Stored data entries

------

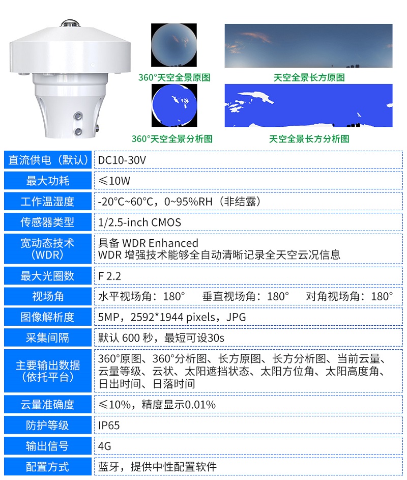 全天空成像儀具備180°超廣視角成像能力,無太陽遮擋裝置,能夠全面監測天空區域。在使用過程中,用戶不用多次調整安裝角度或移動設備就能實現對全天空景象的一次性完整監測,避免因視野局限導致天空區域遺漏,滿足氣象監測、環境觀測等領域對天空整體狀況進行全面監測的基礎需求。
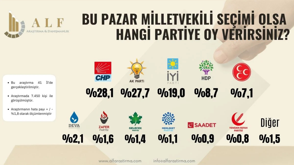 AKP'nin oy oranı yüzde 27,7 olarak ölçümlendi. İktidar partisinin oy oranının yüzde 30'un altına inmesi dikkat çekti.Öte yandan birinci parti olarak yüzde 28,1 ile CHP yer aldı. İYİ Parti'nin ise yüzde 19'a yükseldiği görüldü.
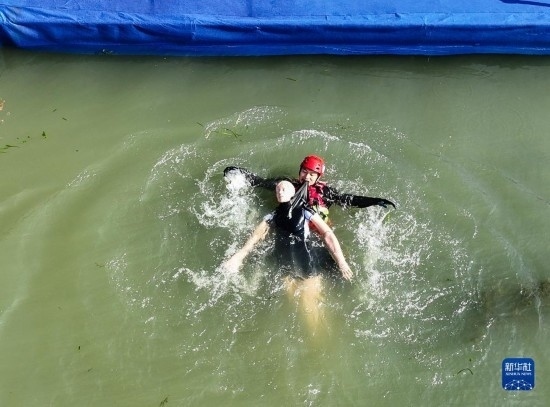 11月8日,消防員在南京玄武湖參加水域救援比賽(無人機(jī)照片)。
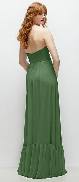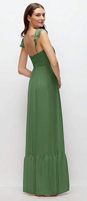 Bustier-Style Chiffon Tiered Ruffle Maxi Dress with Adjustable Straps in vineyard green
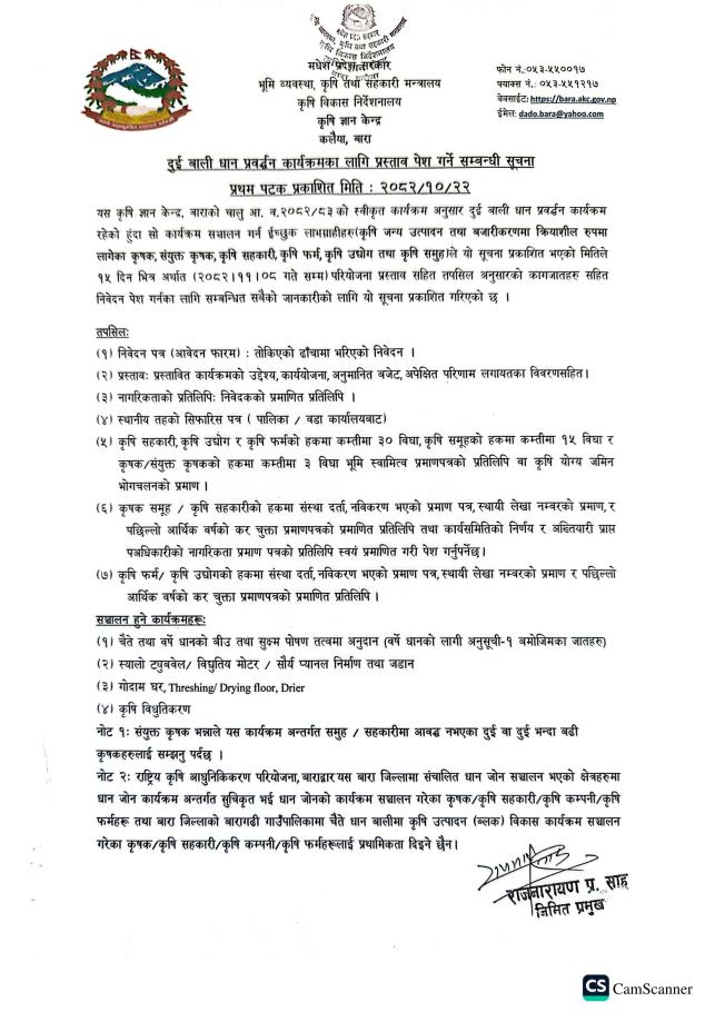 दुई बाली धान प्रवर्द्धन कार्यक्रमका लागि प्रस्ताव पेश गर्ने सम्बन्धी कृषि ज्ञान केन्द्र कलैया, बाराको सुचना । प्रथम पटक प्रकाशित मिति : २०८२/१०/२२ गते
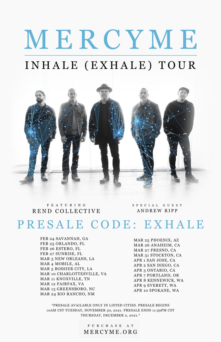 @rendcollective and@andrewripp. Presale will run through 11:59PM CST on Thursday, December 2, 2021. Visit http://MercyMe.org and use the code “EXHALE” to get your tickets.pic.twitter.com/9k4qeZwaV2
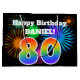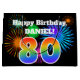 Este design de sacola de presente vibrante e divertida apresenta um padrão colorido inspirado em fogos de artifício celebratórios, juntamente com o número "80" tendo um padrão de gradiente inspirado no arco-íris multicolor, sobre um fundo de cor preta. Ele também apresenta um nome personalizado e uma mensagem de evento, como uma saudação de aniversário. Uma bolsa de presente divertida como esta poderia ser usada ao embrulhar um presente ou presente sendo dado em comemoração do oitavo aniversário de alguém. [~Z0000328]
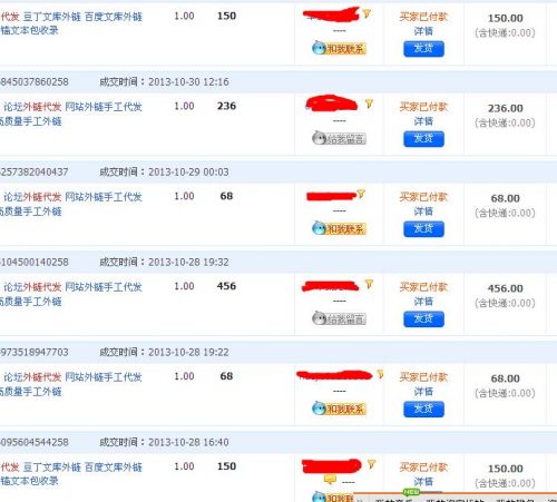 从上图可看出,我卖的这个宝贝属于服务类型的,“代发外链”,简单的说就是给别人的网站发外链,然后赚取服务费,代发外链这个市场需求是非常大的,了解过“SEO网站优化”的朋友应该非常了解。那么这个宝贝的纯利润是100%,也就是不需要任何投资。如果说需要投资,那么投的也是时间、精力。

------

*EXERCISE DIRECTIONS:*
The expected output is the lines above from the one containing "Bustier-Style Chiffon Tiered" to the one containing "दुई बाली धान", both ends included, reproduced exactly with every picture left out.

*TASK SOLUTION:*
 Bustier-Style Chiffon Tiered Ruffle Maxi Dress with Adjustable Straps in vineyard green
 दुई बाली धान प्रवर्द्धन कार्यक्रमका लागि प्रस्ताव पेश गर्ने सम्बन्धी कृषि ज्ञान केन्द्र कलैया, बाराको सुचना । प्रथम पटक प्रकाशित मिति : २०८२/१०/२२ गते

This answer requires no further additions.